Capacitor 24, 26, 44, 46 = per the respective comparator’s manufacturer recommendation, possibly not necessary for all comparators.

Capacitor 28, 48 = 1 pF to 1000 pF Resistor 17, 18 = 0 to 100 kOhm Resistor 34, 54 = per the respective comparator’s manufacturer recommendation, possibly not necessary for all comparators.

Resistor 30, 50 = 1 kOhm to 1 MOhm Resistor 32, 52 = lOkOhm to lOMOhm Resistor 36, 56 = IkOhm to lOOkOhm [0023] The signal rectification and timing circuit 10 eliminates the need for a feedback circuit that is typically used with a single comparator to compare a signal level to both an upper threshold signal 14 and a lower threshold signal 16. The present signal rectification and timing circuit 10 includes a first comparator 22 and a second comparator 42 which individually compare the variable amplitude input signal 12 to an upper threshold signal 14 and a lower threshold signal 16. The elimination of the feedback circuit decreases the propagation delay in the first digital output signal 23 and the second digital output signal 43. The decrease in the propagation delay enables the signal rectification and timing circuit 10 to reduce the phase error in the signal processing at the logic array 64.

[0024] Additionally, the elimination of a feedback circuit in the signal rectification and timing circuit 10 also eliminates the race condition when using the single comparator. The race condition is that in which an input signal crosses a desired threshold more than once before the feedback circuit is able to apply a new threshold value with hysteresis being applied to the comparator. As a result, the output signal of a comparator can have multiple undesired, rapidly occurring signal transitions. The signal rectification and timing circuit 10 eliminates the spurious conditioned signal transitions by using a single comparator for the upper threshold signal 14 and a single comparator for the lower threshold signal 16.

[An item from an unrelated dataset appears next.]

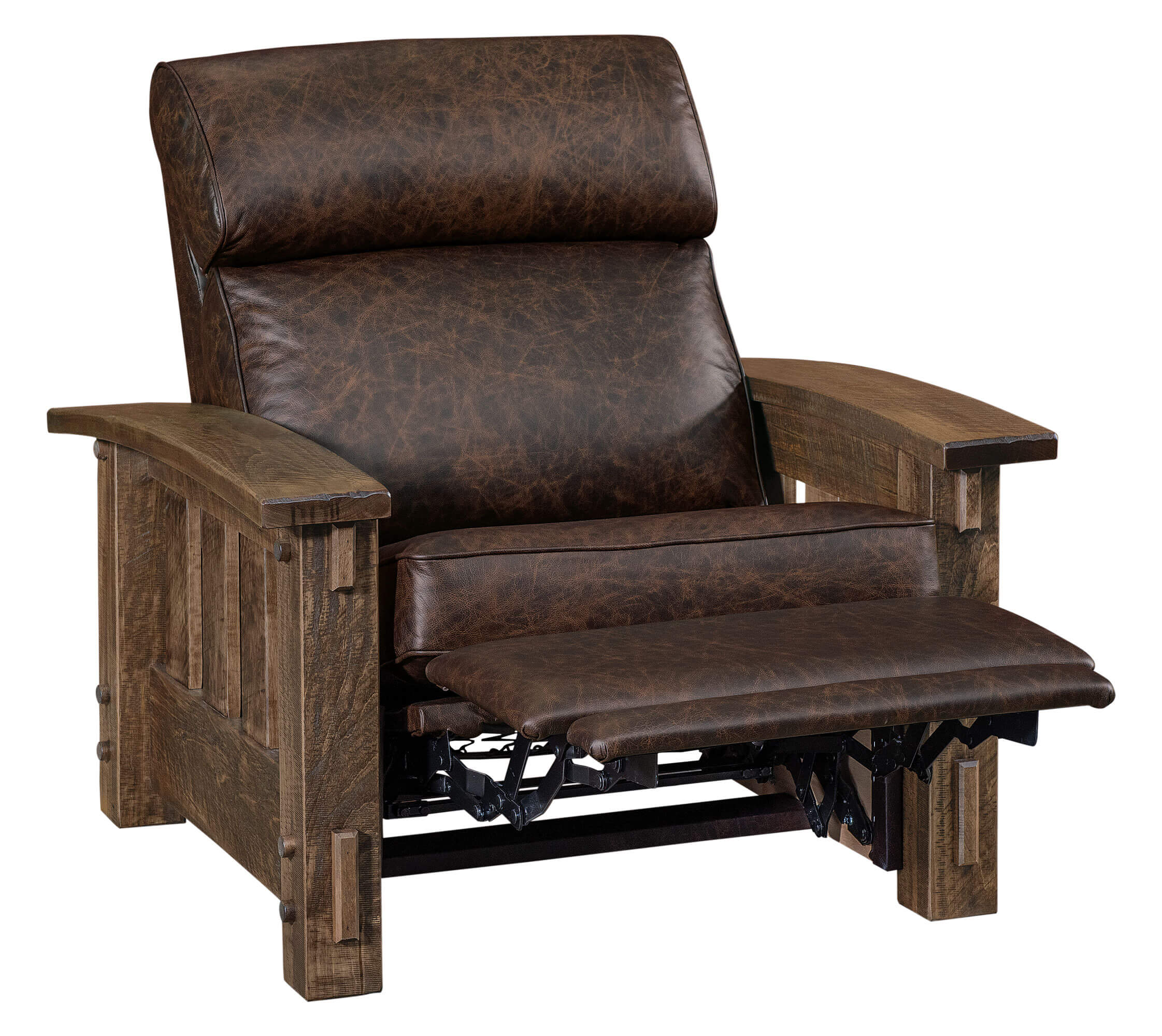 Houston Stockton WH Chair Recliner RS14 HSCR Houston Stockton WH Chair Recliner Dimensions: 39"w x 40"d x 43"h Arm: 24"h Seat: 27"w x 19"d x 21"h Full Recline Length: 66" Wall Clearance: 2" WH = Wall Hugger Mechanism Inside Handle Recline Shown in Texas Leather and Roughsawn Brown Maple with Almond (D22N11670) 10-Sheen

[0025] Other methods to create a digital level pulse output signal 70 having a digital transition precisely where a variable amplitude input signal 12 passed through a threshold level have been attempted. One method is to convert the variable amplitude input signal 12 to a digital signal at the initial portion of a circuit and then use digital signal processing to generate the transition points. This method is limited by current technology that does not support enough analog to digital conversion bandwidth with the necessary bit depth. Furthermore, this method is expensive and cumbersome to accomplish with tools such as firmware.

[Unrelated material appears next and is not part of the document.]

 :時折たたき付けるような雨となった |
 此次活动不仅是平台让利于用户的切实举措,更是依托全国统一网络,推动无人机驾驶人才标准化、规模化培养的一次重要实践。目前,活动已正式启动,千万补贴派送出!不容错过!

[0026] Turning to FIG. 2, a graph representing example input signals and output of the signal rectification and timing circuit 10 is shown. The upper portion of the graph includes variable amplitude input signal 12 as it proceeds from left to right over time. As time proceeds, the variable amplitude input signal 12 crosses both the lower threshold signal 16 and the upper threshold signal 14. The nominal threshold 80 is also included in the upper portion of the graph. The lower portion of the graph includes the first logic input signal 60, the second logic input signal 62, and the digital level pulse output signal 70.

[0027] As the variable amplitude input signal 12 crosses the amplitude of the lower threshold signal 16, the second logic input signal 62 switches. This switch represents the result of the second comparator 42 operation. The switch occurs at the same time that the variable amplitude input signal 12 passed through the lower threshold signal 16. The variable amplitude input signal 12 then crosses the upper threshold signal 14 and this causes a switch in the first logic input signal 60. This switch also occurs at the same time that the variable amplitude input signal 12 passed through the upper threshold signal 14.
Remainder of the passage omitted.